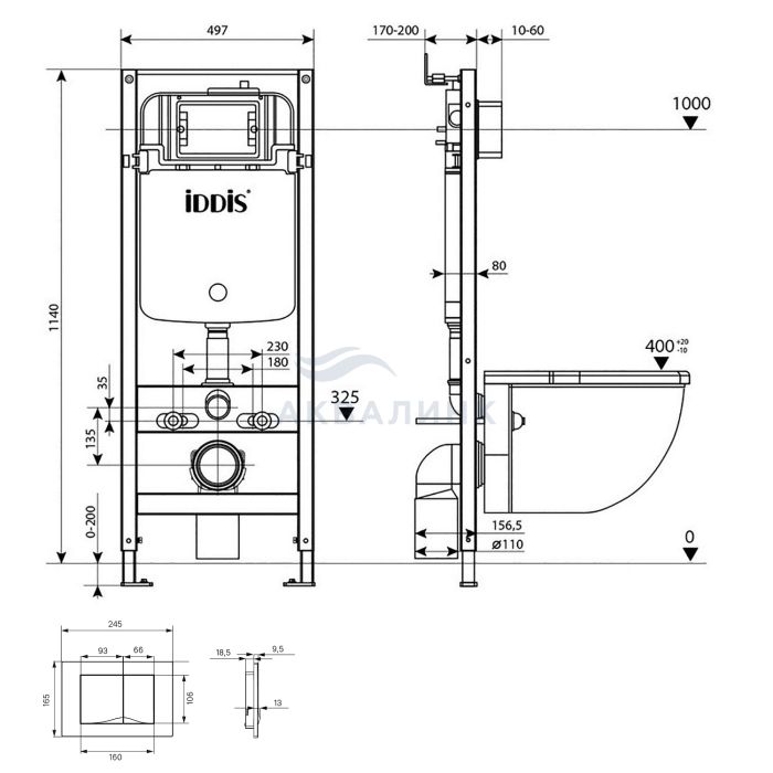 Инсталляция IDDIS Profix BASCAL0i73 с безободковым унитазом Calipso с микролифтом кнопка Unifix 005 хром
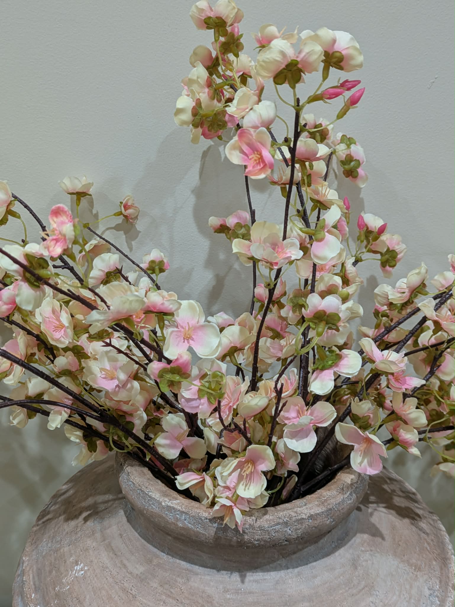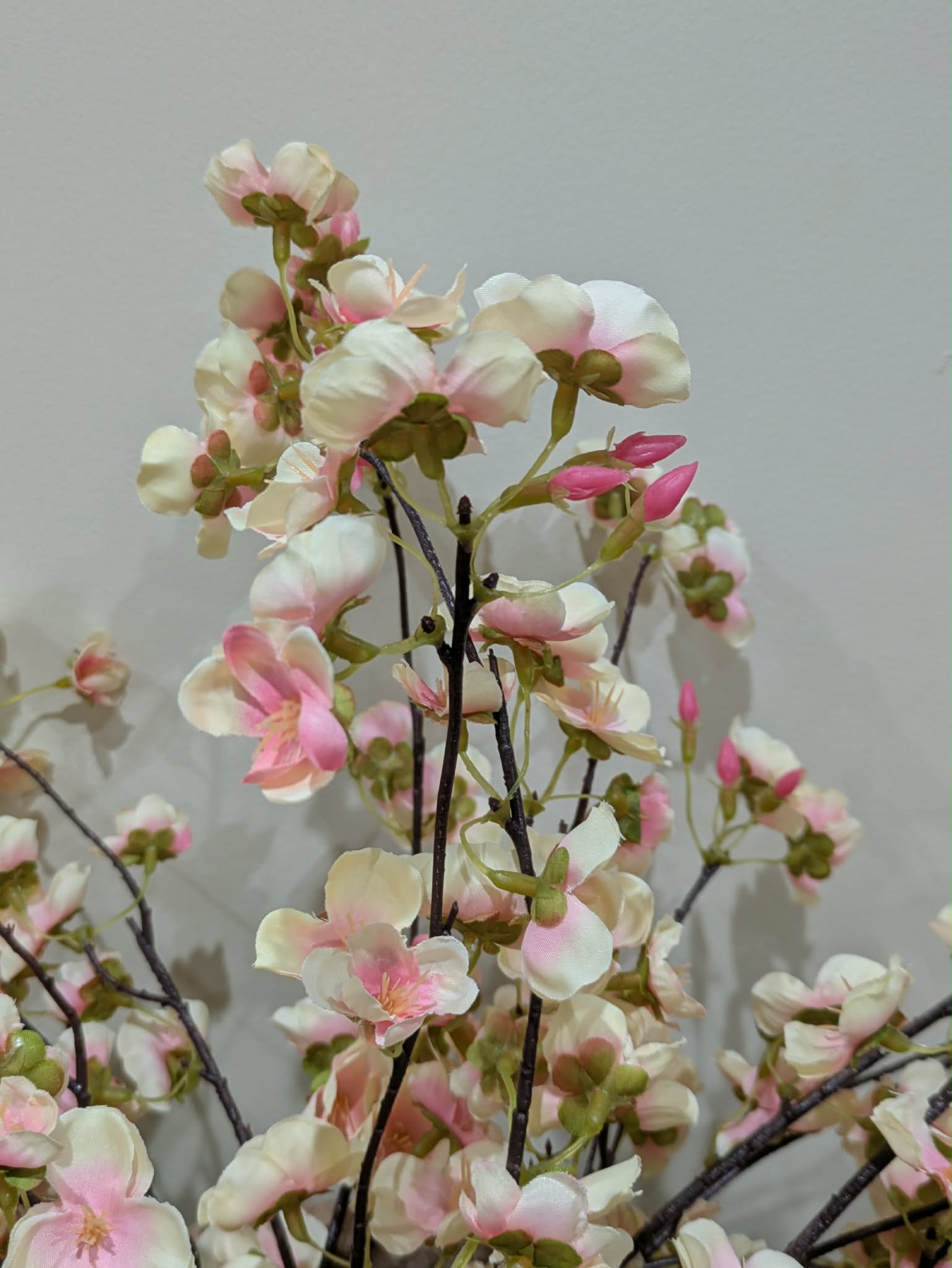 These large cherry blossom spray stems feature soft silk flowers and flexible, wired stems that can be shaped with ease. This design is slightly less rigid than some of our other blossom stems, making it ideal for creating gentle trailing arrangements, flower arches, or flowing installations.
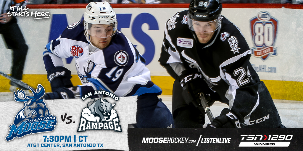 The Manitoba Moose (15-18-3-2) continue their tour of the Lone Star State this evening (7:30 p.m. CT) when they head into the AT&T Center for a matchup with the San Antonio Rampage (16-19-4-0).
+ + + + + + +
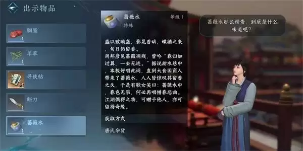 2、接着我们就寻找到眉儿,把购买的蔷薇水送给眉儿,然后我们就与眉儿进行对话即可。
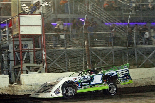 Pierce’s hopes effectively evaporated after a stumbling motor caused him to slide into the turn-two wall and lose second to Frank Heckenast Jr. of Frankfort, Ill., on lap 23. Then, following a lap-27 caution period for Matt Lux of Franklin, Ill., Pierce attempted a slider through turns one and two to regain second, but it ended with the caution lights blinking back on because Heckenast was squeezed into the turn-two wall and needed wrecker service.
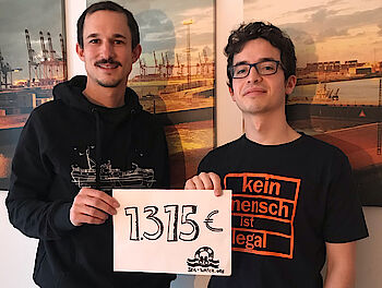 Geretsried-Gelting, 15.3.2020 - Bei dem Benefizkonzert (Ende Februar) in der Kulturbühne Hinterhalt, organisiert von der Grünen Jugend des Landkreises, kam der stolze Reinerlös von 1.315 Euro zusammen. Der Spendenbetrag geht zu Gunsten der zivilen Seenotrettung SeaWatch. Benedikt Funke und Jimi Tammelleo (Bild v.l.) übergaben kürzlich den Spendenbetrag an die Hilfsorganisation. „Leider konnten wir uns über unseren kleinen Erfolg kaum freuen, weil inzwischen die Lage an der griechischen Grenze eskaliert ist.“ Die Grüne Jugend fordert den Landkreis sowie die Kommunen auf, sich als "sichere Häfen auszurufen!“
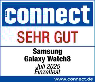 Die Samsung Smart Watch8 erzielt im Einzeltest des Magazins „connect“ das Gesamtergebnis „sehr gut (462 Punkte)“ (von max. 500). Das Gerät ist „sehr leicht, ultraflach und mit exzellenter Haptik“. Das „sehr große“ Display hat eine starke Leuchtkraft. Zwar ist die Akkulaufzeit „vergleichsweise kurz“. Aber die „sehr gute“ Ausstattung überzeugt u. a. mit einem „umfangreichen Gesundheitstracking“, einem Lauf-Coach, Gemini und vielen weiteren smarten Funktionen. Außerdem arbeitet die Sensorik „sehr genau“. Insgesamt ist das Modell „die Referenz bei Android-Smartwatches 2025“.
+ + + + + + +
Aim of the task. Only the lines between the one with "These large cherry" and the one with "The Manitoba Moose", those two included, get copied from the material above. Keep it exact and free of pictures.

Solved problem.
 These large cherry blossom spray stems feature soft silk flowers and flexible, wired stems that can be shaped with ease. This design is slightly less rigid than some of our other blossom stems, making it ideal for creating gentle trailing arrangements, flower arches, or flowing installations.
 The Manitoba Moose (15-18-3-2) continue their tour of the Lone Star State this evening (7:30 p.m. CT) when they head into the AT&T Center for a matchup with the San Antonio Rampage (16-19-4-0).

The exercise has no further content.